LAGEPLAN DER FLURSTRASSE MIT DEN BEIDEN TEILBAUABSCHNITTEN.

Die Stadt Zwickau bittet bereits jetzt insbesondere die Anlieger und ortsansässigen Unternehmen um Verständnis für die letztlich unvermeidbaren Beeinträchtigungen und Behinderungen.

---

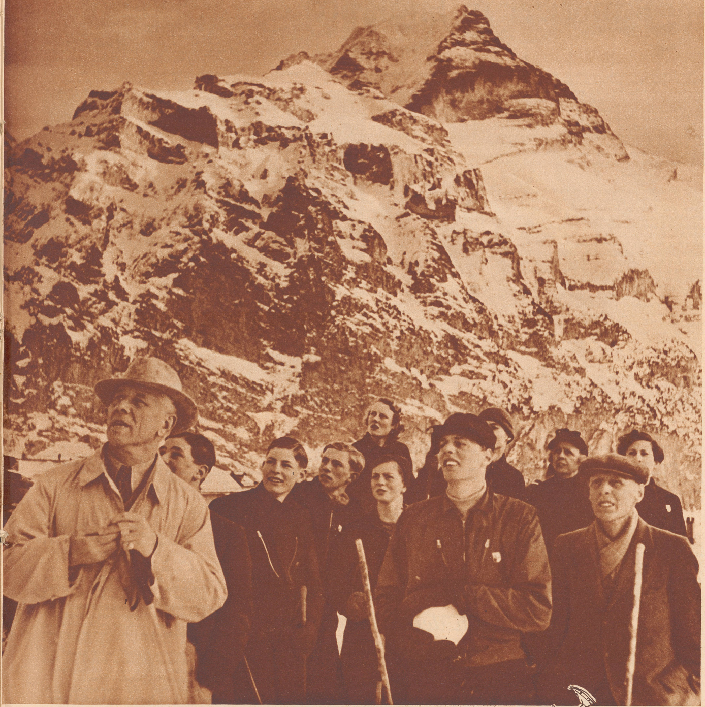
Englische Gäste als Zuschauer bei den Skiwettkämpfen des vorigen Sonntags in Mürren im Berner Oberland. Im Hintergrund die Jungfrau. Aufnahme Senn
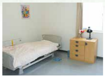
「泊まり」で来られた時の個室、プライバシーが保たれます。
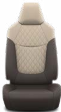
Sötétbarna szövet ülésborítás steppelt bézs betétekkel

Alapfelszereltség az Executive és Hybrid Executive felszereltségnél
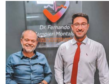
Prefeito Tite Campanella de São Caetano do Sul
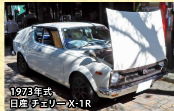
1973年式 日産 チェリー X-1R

WORK TO COMPLETE: The material above holds pictures; leave them out and set down exactly the lines from the line with "Alapfelszereltség az Executive" to the line with "1973年式 日産 チェリー X-1R", both included.

TASK RESPONSE:
Alapfelszereltség az Executive és Hybrid Executive felszereltségnél
Prefeito Tite Campanella de São Caetano do Sul
1973年式 日産 チェリー X-1R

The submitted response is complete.